--- Prompt ---
Pictures are not repeated. Every line from the beginning of the entries through the one with "Normalmente, cadena las" is restated exactly.

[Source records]

::::::::::

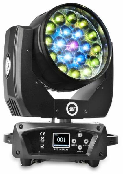 A Light4Me Zoom Wash 19x15W egy kiváló mozgófejes lámpa, amely modern dizájnjával, nagy diódateljesítményével, precíz optikájával tűnik ki. A megvilágító megfelel a szigorú színpadtechnikai követelményeknek, miközben egyszerű kezelést kínál. A mozdulatok nagy pontosságának és gördülékenységének, lenyűgöző színeffektusoknak, egyenletes fényerő-szabályozásna
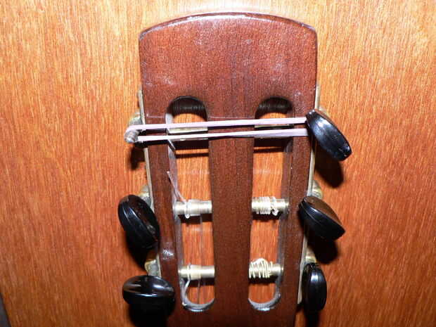Normalmente, cadena las cadenas top 3 en los sintonizadores del derecho y la parte inferior tres sintonizadores izquierdos, pero la guitarra tenía una devanadera rota así que encadenan lo un poco flojo.
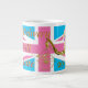Will Kate royal baby commemorative souvenir mug 1 for a girl. Background is a customized Union Jack British flag in pastel pink and blue and in the foreground a cute cartoon princess baby sits within a golden carriage. Words read Royal Delivery for Wills and Kate 2013. Get your memorial royal birth mug here. Also available for baby boy and twins
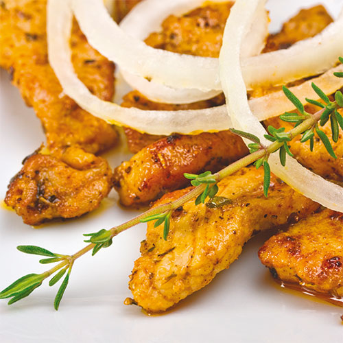 Gyros vom Schwein oder Geflügel, mit Zwiebeln gebraten und unserer beliebten BERGMANN`s Gewürzmischung
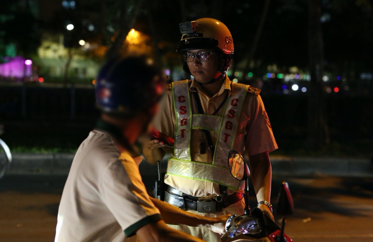 Khoảng 21h45, anh N.H.N. (24 tuổi, ngụ TP Thủ Đức) lái xe máy chở vợ về nhà sau bữa tiệc sinh nhật trên đường Hoàng Sa (quận 1), cũng bị CSGT kiểm tra phát hiện nồng độ cồn mức 0,523 mg/lít khí thở.
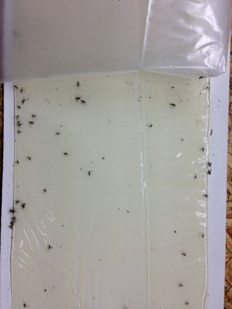 Sticky Traps are most effective when place horizontally on the potting media surface, although vertically positioned cards hung over the crop canopy are also effective and trap more of other types of insect pests as well. In greenhouses place the traps under benches, close to intake vents, near doorways and outside of the the greenhouse can give you more information to detect breeding areas.

::::::::::

--- Exercise answer ---
 A Light4Me Zoom Wash 19x15W egy kiváló mozgófejes lámpa, amely modern dizájnjával, nagy diódateljesítményével, precíz optikájával tűnik ki. A megvilágító megfelel a szigorú színpadtechnikai követelményeknek, miközben egyszerű kezelést kínál. A mozdulatok nagy pontosságának és gördülékenységének, lenyűgöző színeffektusoknak, egyenletes fényerő-szabályozásna
Normalmente, cadena las cadenas top 3 en los sintonizadores del derecho y la parte inferior tres sintonizadores izquierdos, pero la guitarra tenía una devanadera rota así que encadenan lo un poco flojo.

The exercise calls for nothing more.